Over lunch that long-ago day, I asked Jim how he maintained his optimism, his resolve to create a school environment that was a reflection of his vision for a better world. We had been talking about parents who were resisting the FA policies, but they were just that week’s examples of people who railed against some policy or change. After 20 years, Jim had seen it all, or so it seemed to me. His answer sticks with me to this day: You just have to keep shining a light on the path. Everyone comes to it eventually.
That, to me, is at the heart of what we’re talking about when we talk about the possible future of health and health care. Tom was shining a light on the path. He was living his vision for what we now are calling patient-centered care. He was unswerving in his demand for it — he had the mental model and would not put up with anything less, but gently, with a smile.
There’s a leap of faith in all of this, I think. Both Tom and Jim set their eyes on a point on the horizon and steer toward it, like it’s the only way to go. Because to them, it is the only way. And that’s what I carry with me — that assurance, that mental model of what could be, that confidence that everyone will come to the path.
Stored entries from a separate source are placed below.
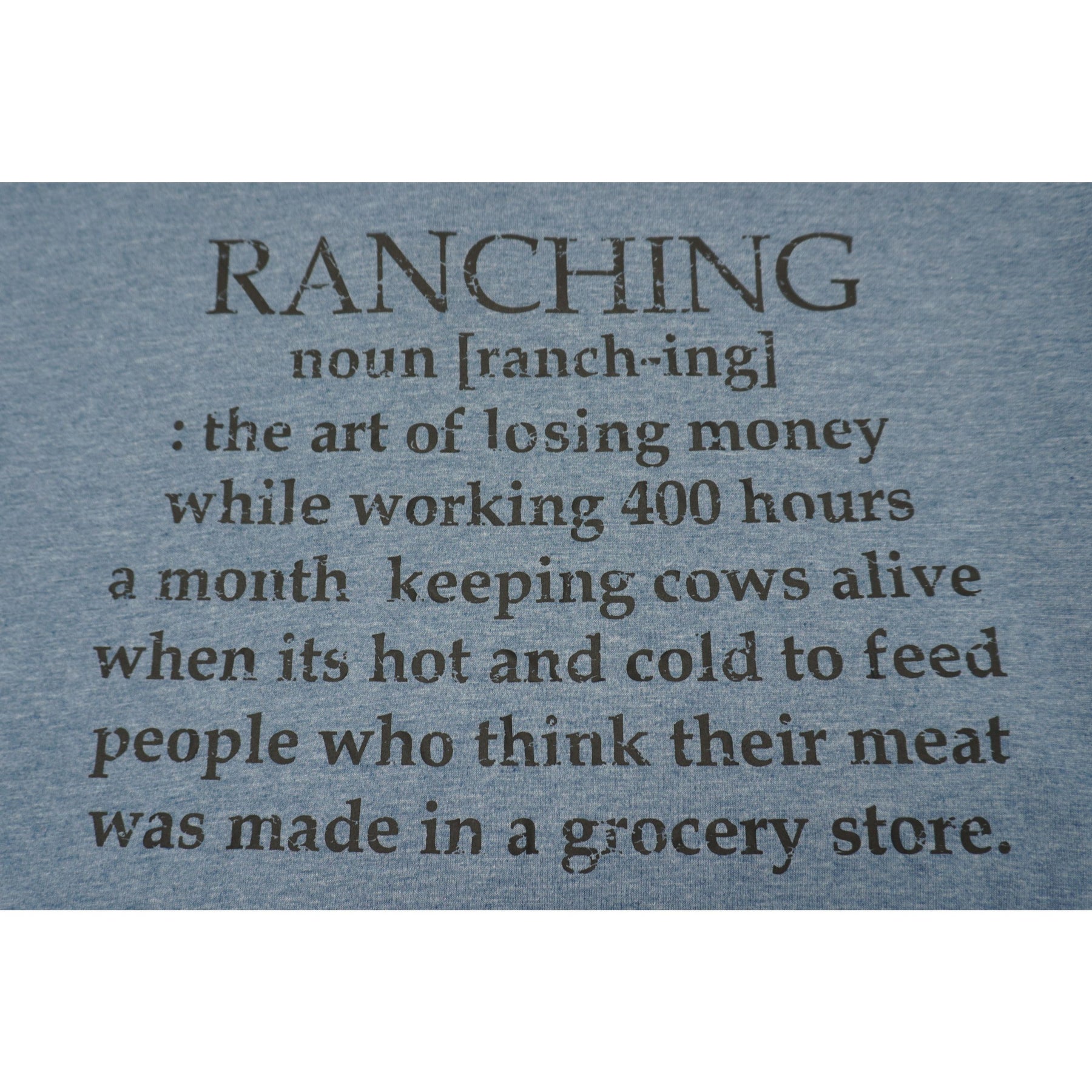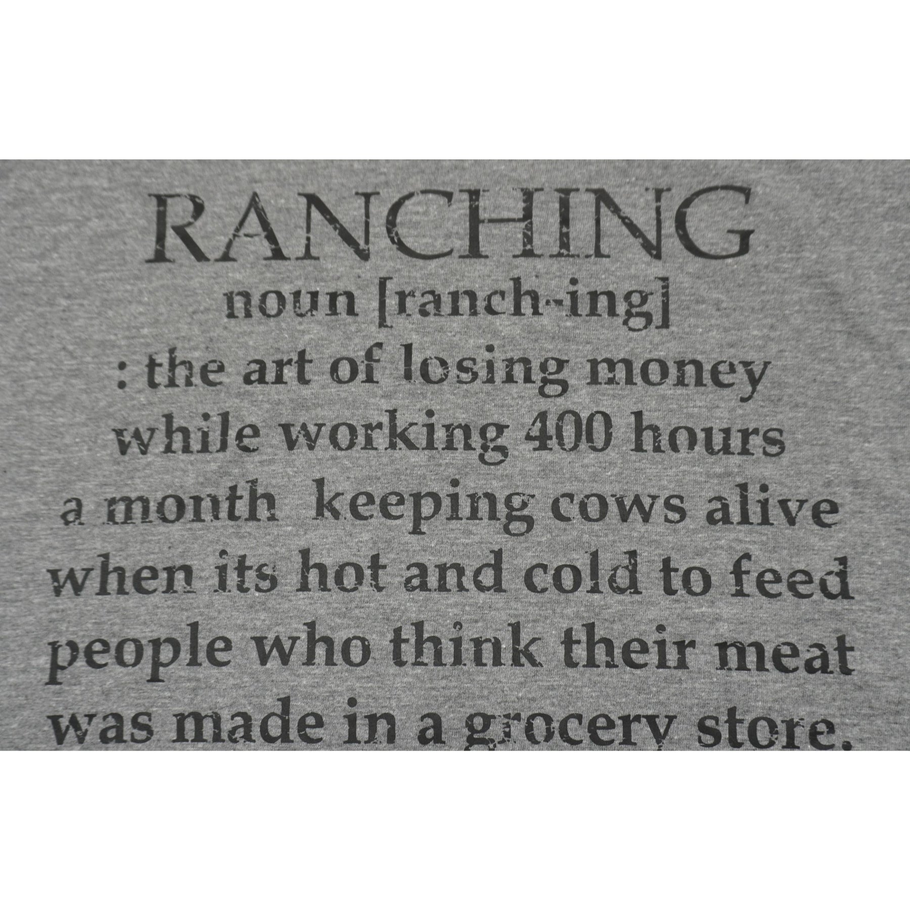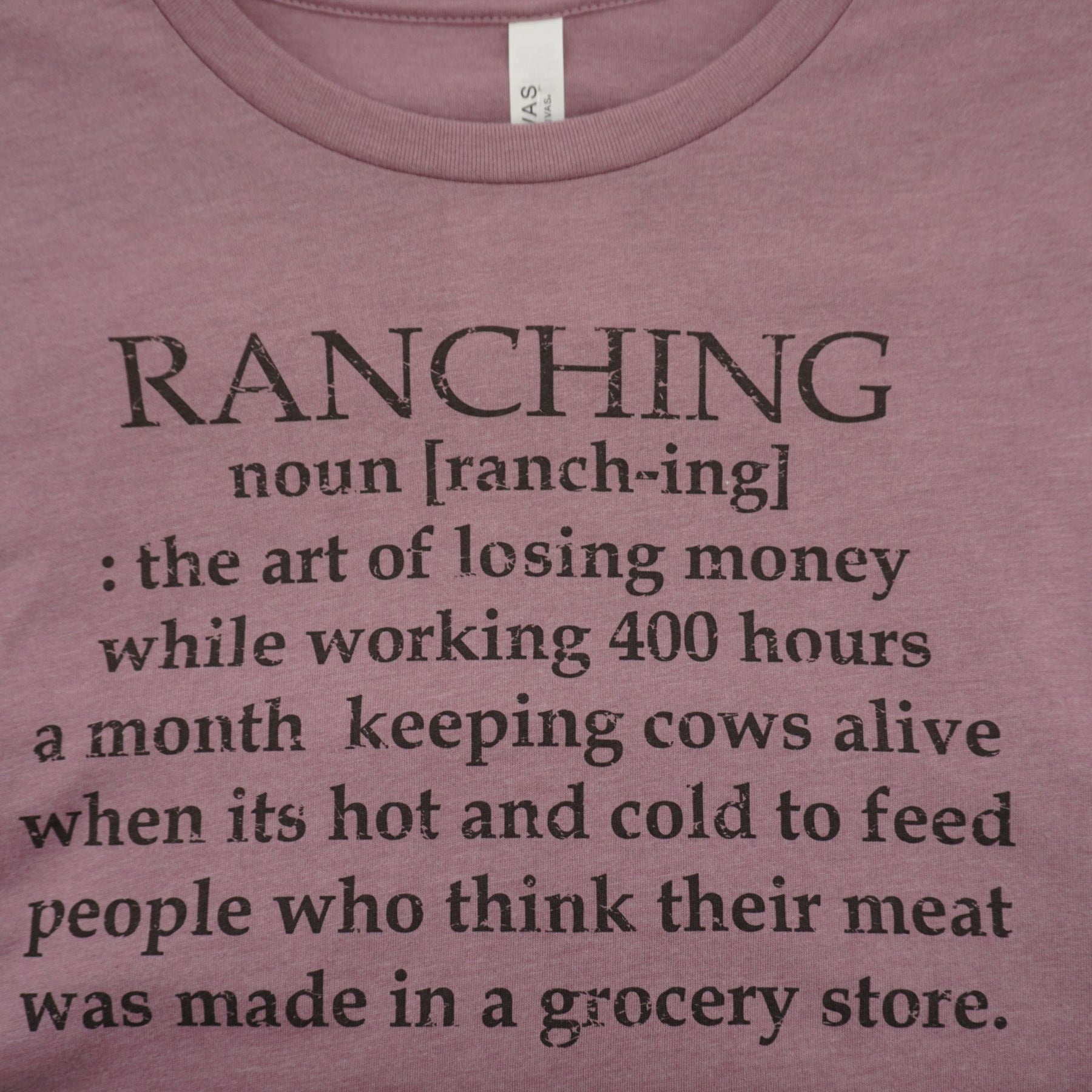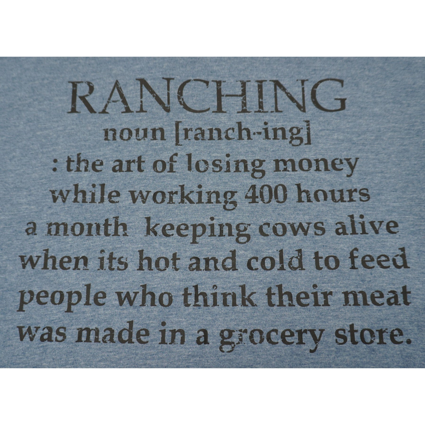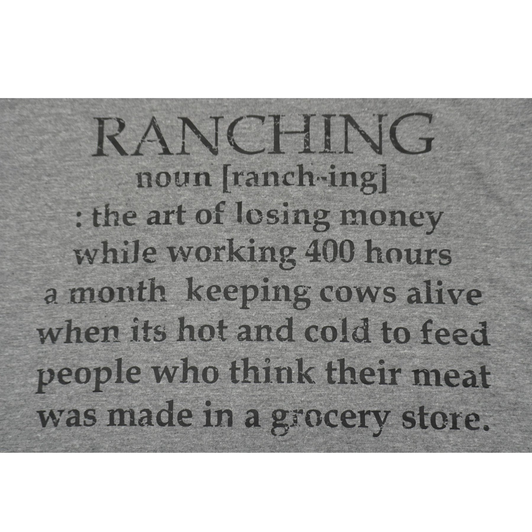 Celebrate the gritty humor of ranch life with this witty Ranching definition tee. Printed on a soft, durable Gildan Softstyle® T-Shirt, it’s perfect for hardworking ranchers and those who appreciate the dedication it takes to keep the herd (and humor) alive. The tongue-in-cheek definition captures the essence of early mornings, long days, unpredictable weather, and the pride of feeding the world—even those who think meat comes from a grocery store.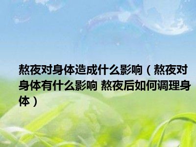 目前大家应该是对熬夜对身体有什么影响 熬夜后如何调理身体比较感兴趣的,所以今天小编CC就来为大家整理了一些关于熬夜对身体有什么影响 熬夜后如何调理身体方面的相关知识来分享给大家,希望大家会喜欢哦。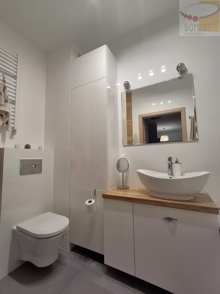 Mieszkanie wykończone materiałami bardzo dobrej jakości, użytkowane przez właścicieli od nowości, nigdy nie było wynajmowane dzięki czemu zachowało swój dobry stan.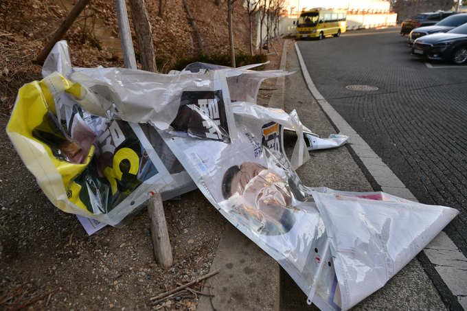 지난 2월28일 서울 중구의 한 도로에 선거벽보가 훼손된 채 방치돼 있다. 뉴스1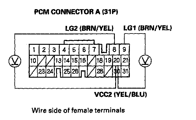23. Measure the voltage between PCM connector terminals A20 and A8 or A9.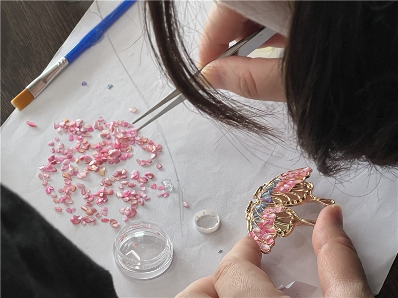 三、粘贴螺钿:用镊子夹取螺钿碎片或粉末,小心地将其粘贴在涂有胶水的底托上。可以根据设计和个人喜好,选择不同颜色和形状的螺钿进行粘贴,创造出独特的图案。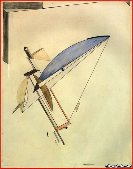 Вращающиеся геометрические объекты, написанные нежными цветами, словно плавают в воздухе, создавая этим ощущение глубины и иллюзию пространства. Некоторые из форм даны в трех измерениях, и этот намек на архитектурные объемы развит в более поздних произведениях Лисицкого. В этой работе в концентрации чистой формы и цвета проявляется влияние того направления абстрактного искусства, которое изобрел Казимир Малевич, - супрематизма, базирующегося на чистых геометрических фигурах. Лисицкий получил инженерное и архитектурное образование. Марк Шагал пригласил его преподавать архитектуру и графику в художественную школу в Витебске; здесь он попал под влияние Малевича. Хорошо известны серии "Проунов" Лисицкого - циклы абстрактных работ, созданных прямыми линиями. Эти работы отличаются эффектными качествами и всеобъемлющей плоскостностью, без единого намека на глубину. Творчество Лисицкого было многосторонним: он занимался также плакатом, дизайном костюма, оформлением выставок и книг.

Eventually.
-end-
May it be so. And may Tom’s memory be a blessing to us all.
I am a professor in the information school at UW-Madison and a doctoral graduate of the NLM Medical Informatics Training Program at Pitt. In 2001 when I was an advanced doc student I met Dr Ferguson at the AMIA Consumer Health postconference, which was attended by a number of patient advocate types–the mix of different communities at this meeting was incredible. I believe he and Susannah Fox spoke together on a panel. 2 years ago while putting together a chapter on the history of health information provision to the public, I discovered just how LONG he had been doing this kind of work. It’s very clear that Dr Ferguson had great impact on the thinking of many, many people over the years.
Hi Catherine,
Good memory! Tom, Lee Rainie and I delivered a joint keynote at AMIA in 2001 and then attended the post-conference.
Through the magic of Google (and good online archives) I found this write-up:
2001 AMIA Symposium — A Medical Odyssey: Visions of the Future and Lessons from the Past
http://www.medscape.com/viewarticle/430264_3
A beautiful overview of how he touched so many lives. Thanks for writing this, John.
These reminiscences explain so much me about the founders of my movement. I am impressed, humbled, and re-invigorated.